◆ EXERCISE REQUIREMENTS: Write out an exact copy of the line containing "Die Octo Finissimo" and all lines that follow it in the data below, leaving out pictures.

Recorded data:
▽

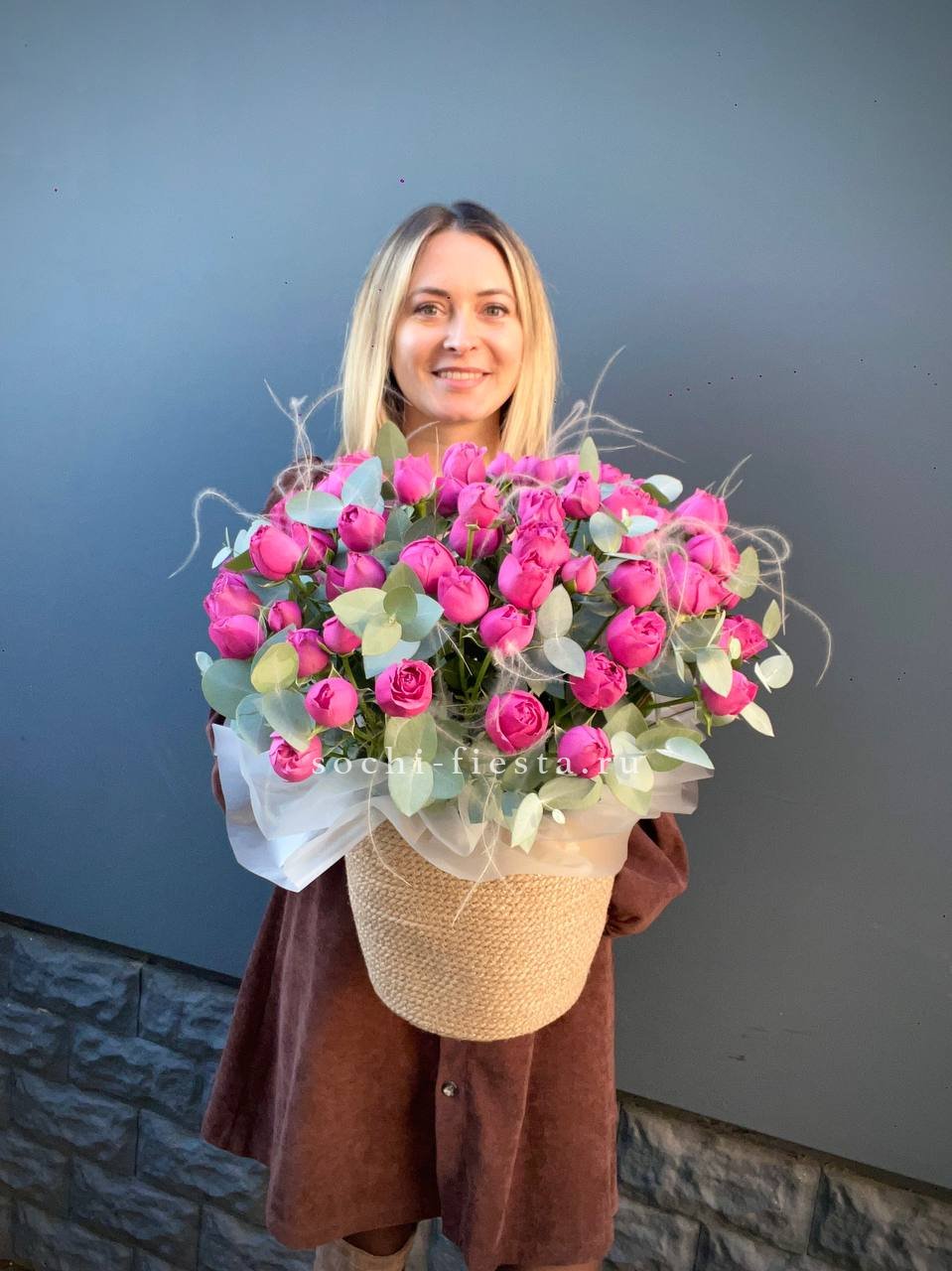 Пионовидные розы в джутовом кашпо
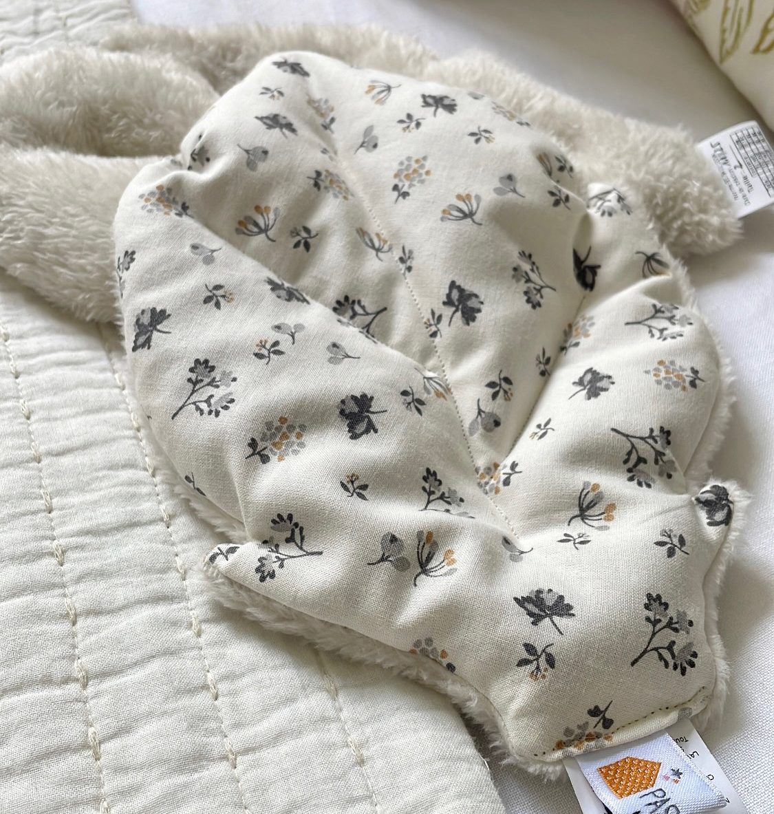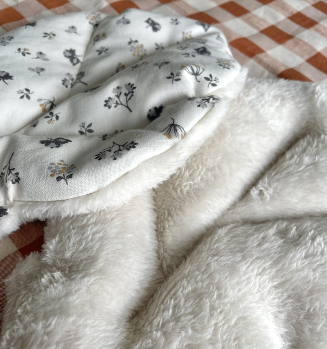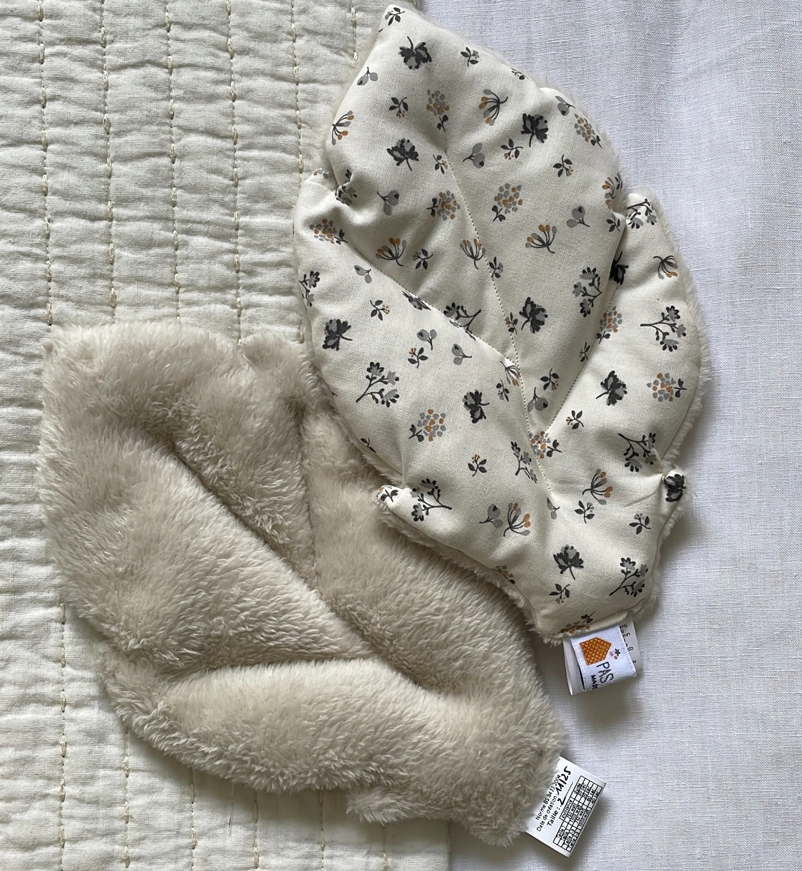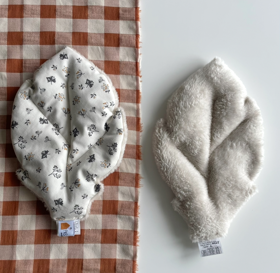 Les deux faces sont, comme toujours chez Pas si Sages…, différentes: le plus souvent une face en coton et l’autre en velours de polaire si doux ou teddy ou fourrure.
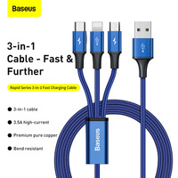 Baseus 3 in 1 USB Type C Cable For iPhone 12 Pro Max Micro USB Android Mobile Phone Cable For Samsung Xiammi USBC Data Wire Cord $5.14
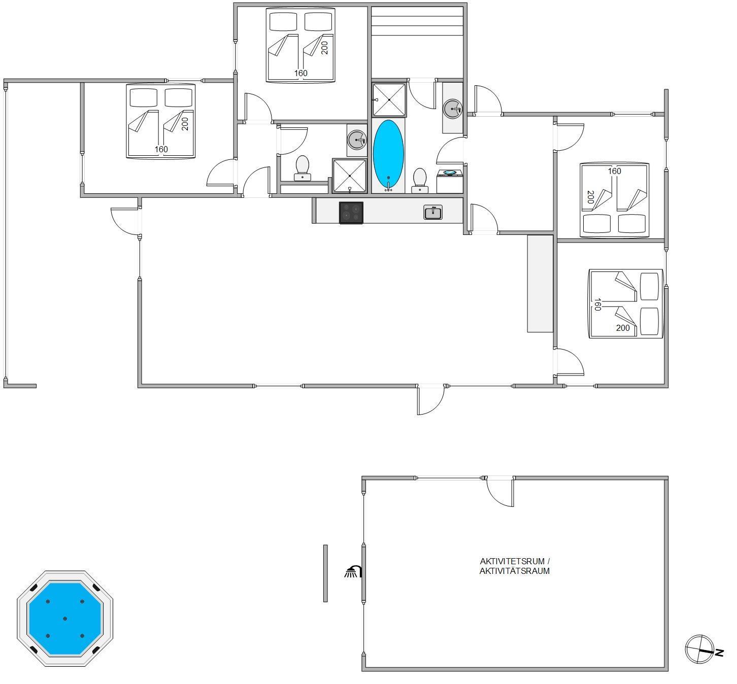 Located at Bjerregårdsvej 470, this beautiful modern activity home offers space for up to 8 people to enjoy an unforgettable holiday. Built in 2021, this holiday home welcomes you with bright, modern furnishings and is just 100 metres from the beach. Featuring a games room with pool table, sauna, and a spacious outdoor area with shower and hot tub, this holiday home offers everything you could wish for.
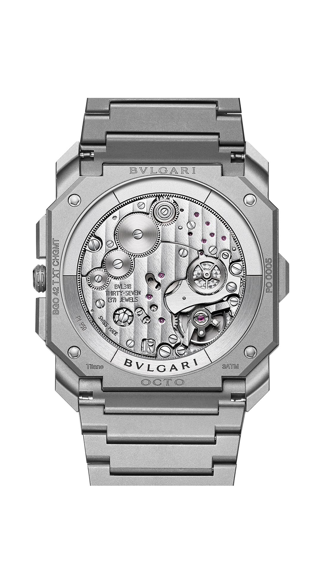 Die Octo Finissimo Chronograph GMT bietet die perfekte Mischung aus technischer Raffinesse und ästhetischer Eleganz. Als flachste Automatikuhr der Welt, die mit Chronograph und GMT-Funktion ausgestattet ist, nimmt sie eine führende Position in der heiß umkämpften Sparte der Luxus-Sportuhren ein.Das innovative Modell mit seiner zeitlosen monochromen Optik vereint den bekannten Chronographen mit einer GMT-Funktion, die zwei Zeitzonen gleichzeitig anzeigt – eine kreative Neuinterpretation mit italienischen Wurzeln. Octo Finissimo Chrono GMT Uhr mit extraflachem mechanischen Manufakturwerk mit Chronograph und GMT-Funktion, Automatikaufzug mit peripherem Rotor, Kaliber BVL 318 (3,30 mm hoch), 55 Stunden Gangreserve. Extraflaches 42 mm Gehäuse aus Titan (6,90 mm hoch), transparenter Gehäuseboden, Titankrone mit Keramik-Intarsie, Zifferblatt sowie Armband und Faltschließe aus sandgestrahltem Titan. Wasserdicht bis 30 Meter.
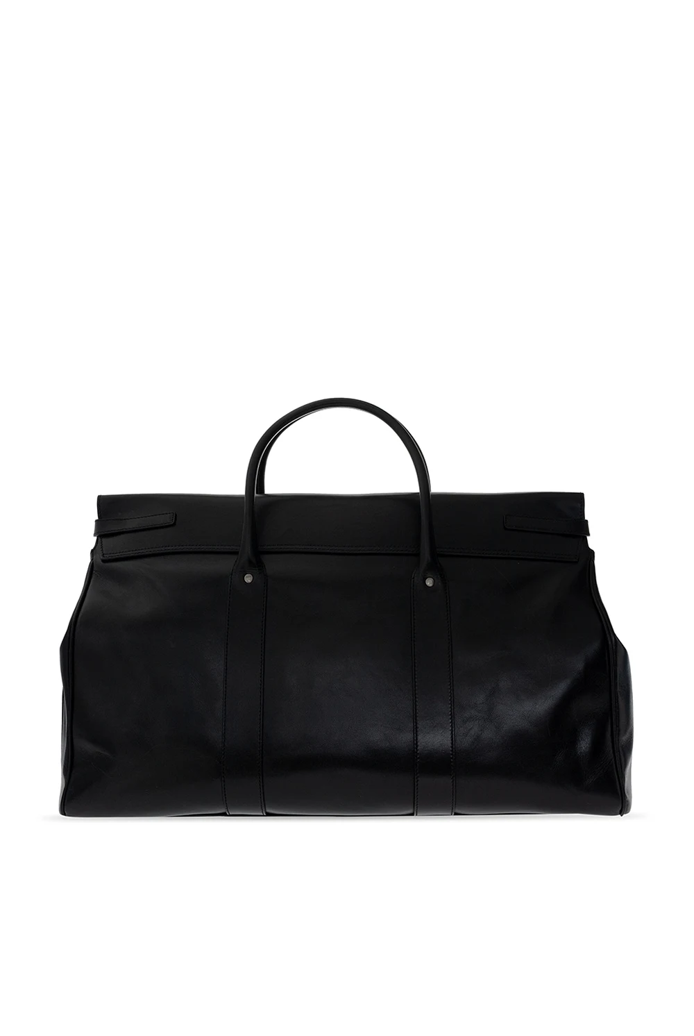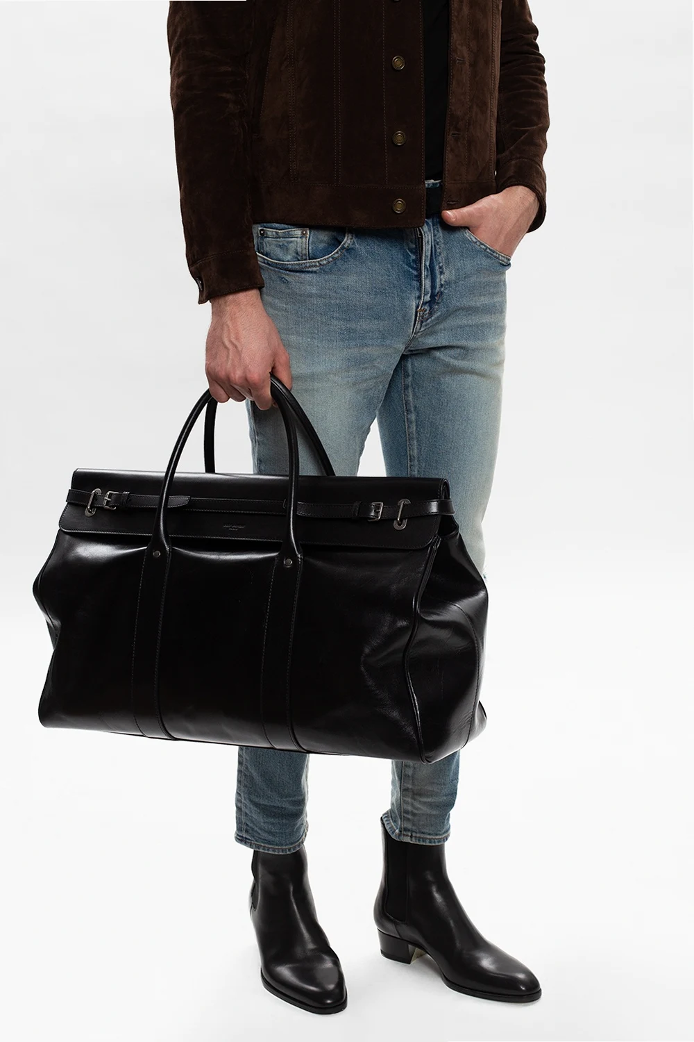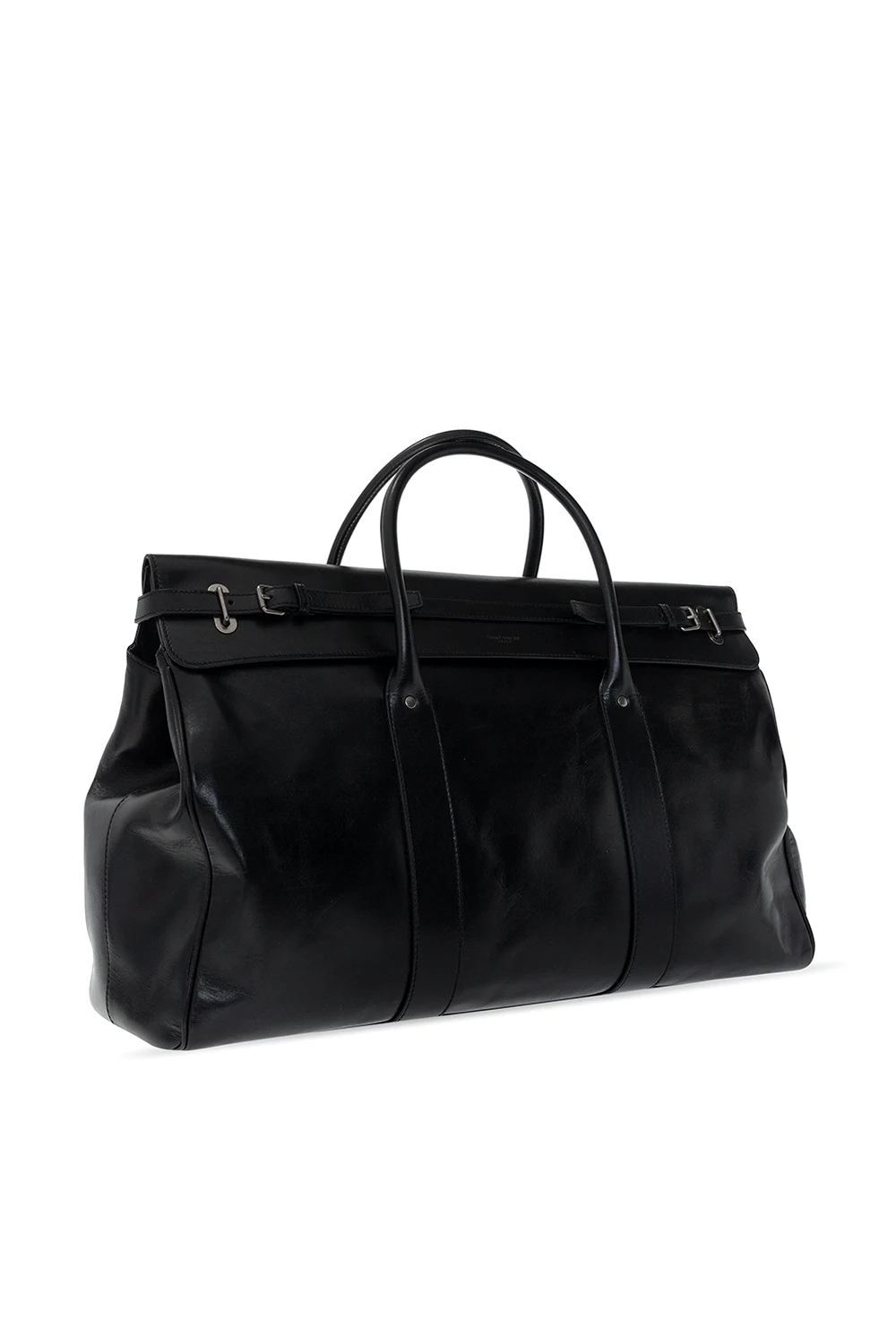 Czarna torba podręczna Saint Laurent. Wykonana z cielęcej skóry. Zapinana na podwójny pasek z metalową klamrą. Z przodu wytłoczone logo. Dwie półokrągłe rączki. Czarna warstwa wewnętrzna. Wewnątrz komora i dwie kieszenie: wsuwana i zamykana na zamek. Metalowe wykończenie w kolorze srebrnym.

△

◆ SOLUTION FOR THIS EXERCISE:
 Die Octo Finissimo Chronograph GMT bietet die perfekte Mischung aus technischer Raffinesse und ästhetischer Eleganz. Als flachste Automatikuhr der Welt, die mit Chronograph und GMT-Funktion ausgestattet ist, nimmt sie eine führende Position in der heiß umkämpften Sparte der Luxus-Sportuhren ein.Das innovative Modell mit seiner zeitlosen monochromen Optik vereint den bekannten Chronographen mit einer GMT-Funktion, die zwei Zeitzonen gleichzeitig anzeigt – eine kreative Neuinterpretation mit italienischen Wurzeln. Octo Finissimo Chrono GMT Uhr mit extraflachem mechanischen Manufakturwerk mit Chronograph und GMT-Funktion, Automatikaufzug mit peripherem Rotor, Kaliber BVL 318 (3,30 mm hoch), 55 Stunden Gangreserve. Extraflaches 42 mm Gehäuse aus Titan (6,90 mm hoch), transparenter Gehäuseboden, Titankrone mit Keramik-Intarsie, Zifferblatt sowie Armband und Faltschließe aus sandgestrahltem Titan. Wasserdicht bis 30 Meter.
 Czarna torba podręczna Saint Laurent. Wykonana z cielęcej skóry. Zapinana na podwójny pasek z metalową klamrą. Z przodu wytłoczone logo. Dwie półokrągłe rączki. Czarna warstwa wewnętrzna. Wewnątrz komora i dwie kieszenie: wsuwana i zamykana na zamek. Metalowe wykończenie w kolorze srebrnym.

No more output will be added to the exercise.